Technical Deep Dive
The shift from conventional PCB to AI-grade HDI boards is a fundamental change in manufacturing physics. Standard PCBs for consumer electronics or automotive applications typically use 4-8 layers with line widths/spacing of 75-100 microns. AI server HDI boards, by contrast, require 16-30+ layers, line widths down to 30-40 microns, and advanced materials like low-loss laminates (e.g., Panasonic Megtron 6, Isola I-Tera) to handle signals at 112 Gbps PAM4 and beyond.

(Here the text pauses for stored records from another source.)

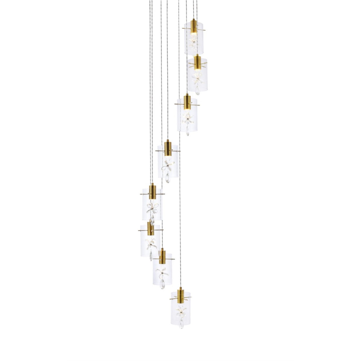The Hana collection sparkles with an extraordinary display of faceted crystal pendalogues, creating the illusion of a shimmering cascade of ornamentation pouring from a sleek metal canopy. These fixtures would be a commanding visual presence in any room, and will fit comfortably in smaller spaces. Lighting illuminated with led diodes emitting 3000K soft white.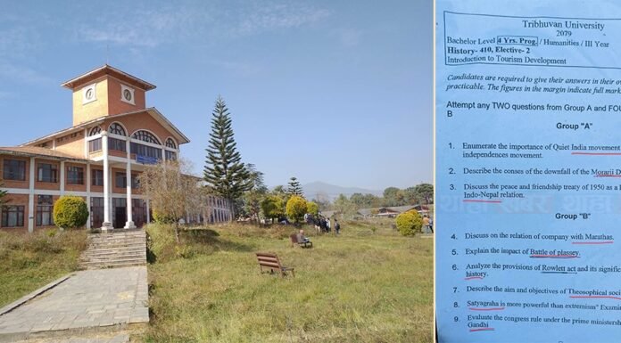 काठमाडौं : त्रिभुवन विश्वविद्यालय(त्रिवि)ले परीक्षा सञ्चालनमा अर्को चरम लापरबाही गरेको पाइएको छ। सोमबार स्नातक तह चार वर्षे ‘'इन्ट्रोडक्सन टु टुरिजम' डेभलपमेन्ट’ विषयको परीक्षामा भारतीय पाठ्यक्रमको प्रश्न सोधेपछि यतिखेर यसको चर्को आलोचना भइरहेको छ। बीए तेस्रो वर्षअन्तर्गत हिजो ‘'इन्ट्रोडक्सन टु टुरिजम' डेभलपमेन्ट’ विषयको परीक्षामा त्रिविले अर्कै विषयको प्रश्नपत्र बाँडेपछि विद्यार्थीहरू अलमलमा परेका थिए। त्यसपछि विद्यार्थीहरूले आवाज उठाए। करिब एक घण्टा...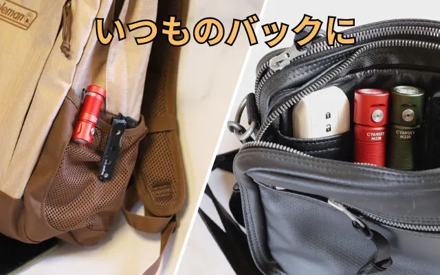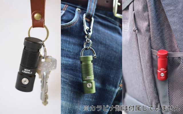 キーホルダー、バックパック、ベルトなどに装着して、いつもどこでも簡単に持ち歩くことができます。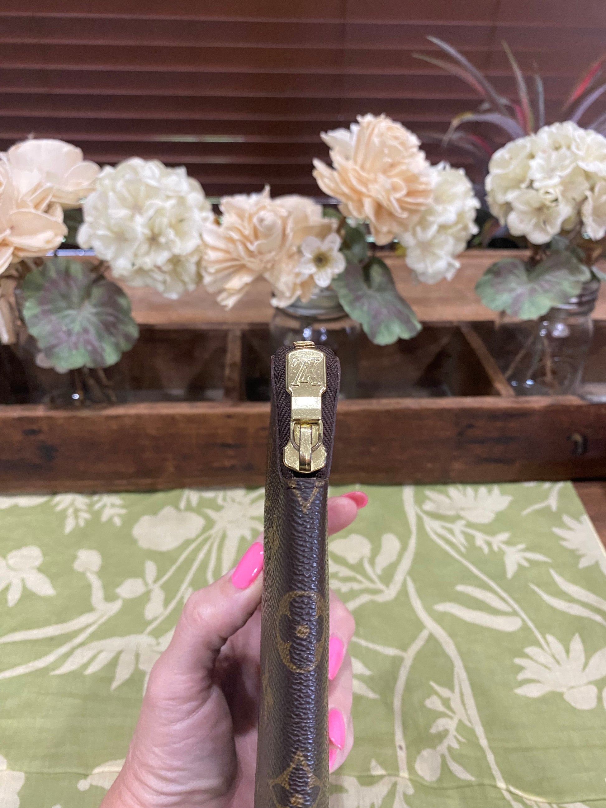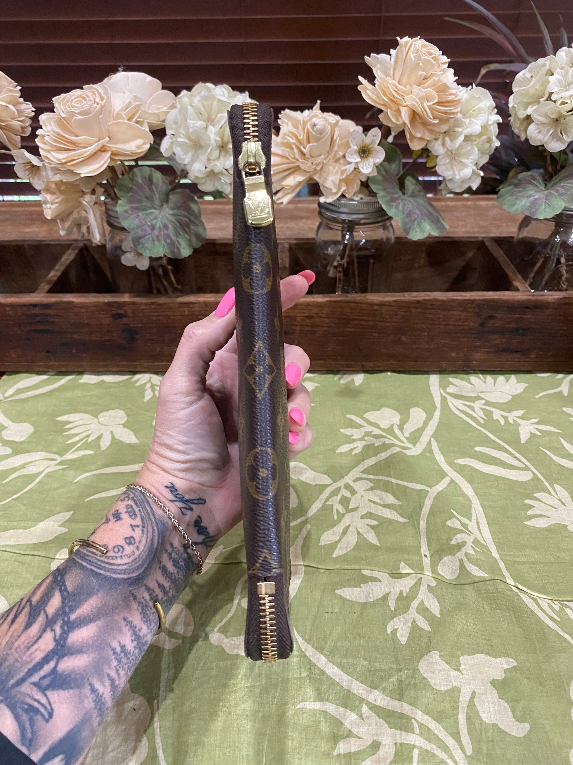 Daily Organizer Long Wallet- holds cell phone, cash, coins, credit cards, passports, boarding passes... pictured holding a iPhone 15 Pro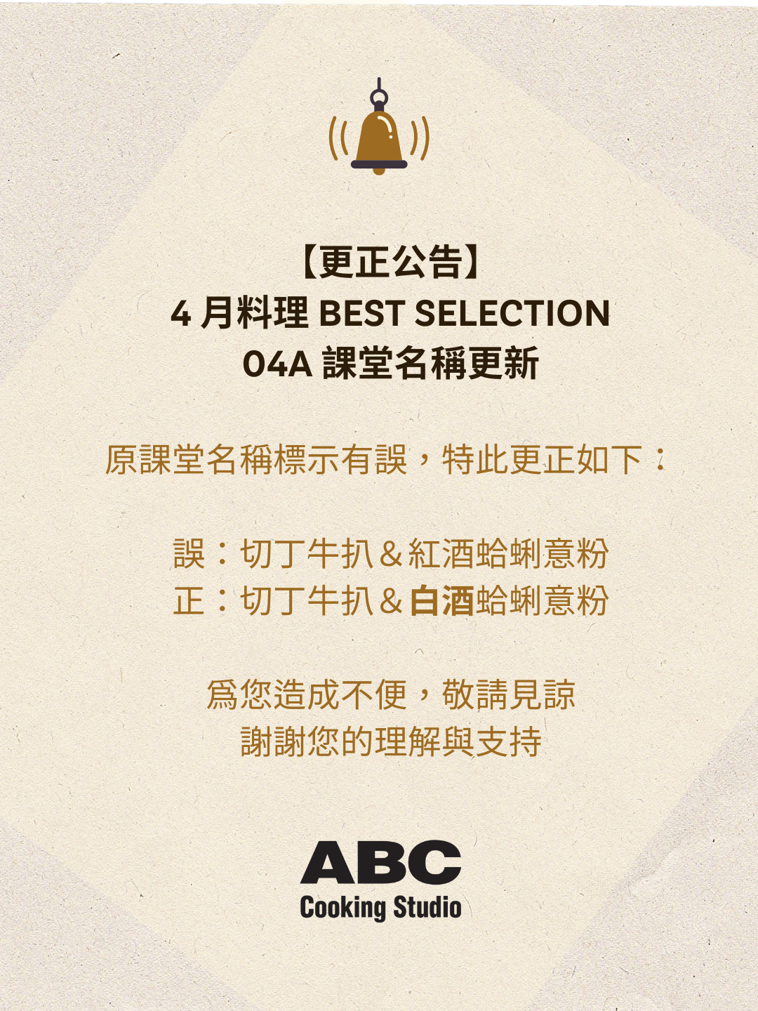【更正公告】 4 月料理 Best Selection 04A 課堂名稱更新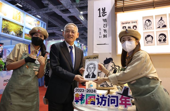 [서울=뉴시스] 전신 기자 = 유인촌 문화체육관광부 장관이 지난 22일 중국 상하이 국가컨벤션 센터에서 열린 중국 국제여유교역회 한국관에서 캐리커쳐 체험을 한 뒤 기념촬영하고 있다. (사진=문화체육관광부 제공) 2024.11.23. [email protected] *재판매 및 DB 금지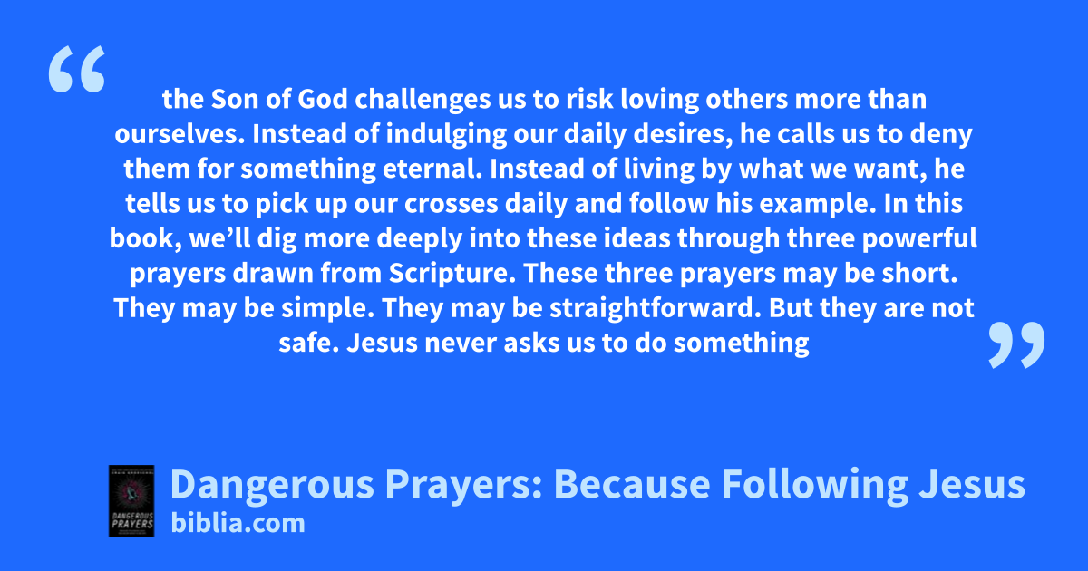 the Son of God challenges us to risk loving others more than ourselves. Instead of indulging our daily desires, he calls us to deny them for something eternal. Instead of living by what we want, he tells us to pick up our crosses daily and follow his example. In this book, we’ll dig more deeply into these ideas through three powerful prayers drawn from Scripture. These three prayers may be short. They may be simple. They may be straightforward. But they are not safe. Jesus never asks us to do something

Key Technical Parameters for AI HDI Boards:
| Parameter | Standard PCB (NEV/Consumer) | AI Server HDI Board |
|---|---|---|
| Layer Count | 4-8 | 16-32+ |
| Minimum Line Width/Space | 75-100 µm | 30-40 µm |
| Aspect Ratio (via) | 8:1 | 12:1 or higher |
| Material | FR-4 (standard) | Low-loss, high-Tg (e.g., Megtron 6) |
| Signal Integrity | Up to 25 Gbps | 112 Gbps PAM4 |
| Thermal Management | Basic copper planes | Embedded thermal vias, metal cores |
| Yield Rate | >95% | 70-85% (at scale) |
Data Takeaway: The jump from standard to AI-grade HDI is not incremental—it requires a complete retooling of lamination, drilling, plating, and inspection processes. The lower yield rates for high-layer-count boards mean that only manufacturers with mature process control can achieve profitability.
Engineering Challenges:
- Stack-up Design: Managing impedance control across 30+ layers with mixed materials is extremely complex. Any mismatch causes signal reflection and data errors.

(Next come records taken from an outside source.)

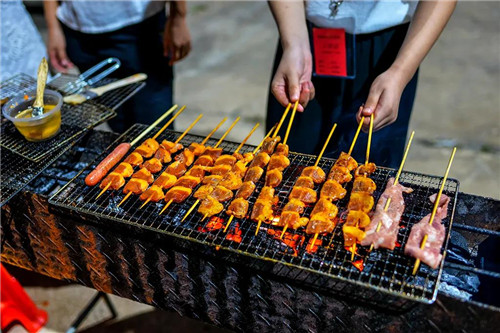 我們在山上燃起燒烤爐,串上食物動手,來一場爽快的燒烤盛會。滾燙的美食搭配著清爽的可樂或啤酒,涼涼的山風向我們迎來,你一言我一語的聊著天,好像在這廣闊的天地之間只剩下歡樂。
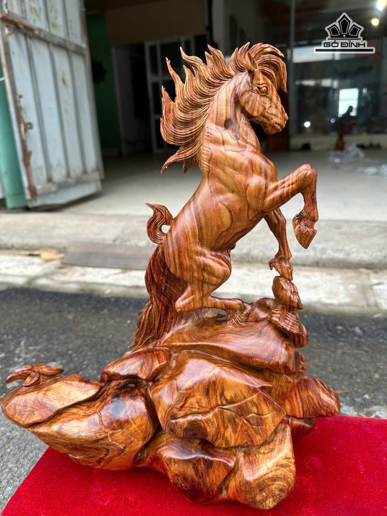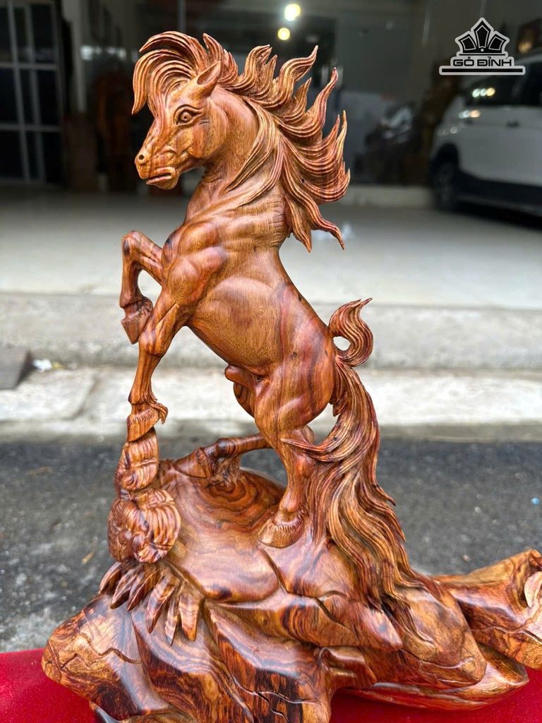 Tượng Ngựa Phong Thủy (Nhất Mã Phi Thiên) Gỗ Sưa Cao 41 Ngang 35 Sâu 20 (cm)
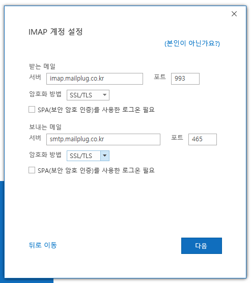 -▷ 받는 메일 서버 : imap.mailplug.co.kr

- Via Formation: High aspect ratio vias (12:1 or more) require advanced laser drilling and uniform copper plating to avoid voids. Unimicron uses a proprietary 'any-layer' HDI process that allows vias to connect any two layers, reducing signal path length.
- Registration Accuracy: Layer-to-layer alignment must be within ±15 microns. This demands precision lamination presses and automated optical inspection (AOI) systems.

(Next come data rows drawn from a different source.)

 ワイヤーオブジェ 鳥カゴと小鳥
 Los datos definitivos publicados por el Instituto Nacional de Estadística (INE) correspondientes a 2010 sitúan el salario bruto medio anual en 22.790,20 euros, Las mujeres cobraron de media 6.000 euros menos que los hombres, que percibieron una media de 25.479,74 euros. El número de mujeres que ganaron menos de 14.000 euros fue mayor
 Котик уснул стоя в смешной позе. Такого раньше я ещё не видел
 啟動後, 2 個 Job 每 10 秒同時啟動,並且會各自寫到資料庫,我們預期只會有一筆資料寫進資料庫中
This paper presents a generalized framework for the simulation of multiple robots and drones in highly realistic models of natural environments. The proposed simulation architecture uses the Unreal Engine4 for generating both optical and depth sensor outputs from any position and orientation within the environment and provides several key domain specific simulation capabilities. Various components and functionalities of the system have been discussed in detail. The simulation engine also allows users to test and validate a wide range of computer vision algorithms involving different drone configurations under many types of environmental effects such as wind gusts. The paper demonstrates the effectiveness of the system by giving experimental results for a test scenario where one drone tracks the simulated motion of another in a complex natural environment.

- Thermal Dissipation: A single NVIDIA H100 GPU can draw 700W. The HDI board must efficiently conduct heat away from the chip to prevent throttling. Embedded copper coin or vapor chamber integration is becoming common.
Relevant Open-Source Tools:
While PCB design is dominated by proprietary EDA tools (Cadence Allegro, Altium), there are notable open-source projects for simulation and verification:
- OpenEMS (GitHub: ~1.5k stars): A full-wave electromagnetic field solver used for signal integrity analysis of high-speed PCB traces.
- KiCad (GitHub: ~18k stars): While not AI-specific, its latest 8.0 release added improved differential pair routing and impedance calculator plugins, making it viable for prototyping AI accelerator boards.
- PySPICE (GitHub: ~500 stars): A Python wrapper for SPICE simulations, useful for modeling power delivery networks in AI server PCBs.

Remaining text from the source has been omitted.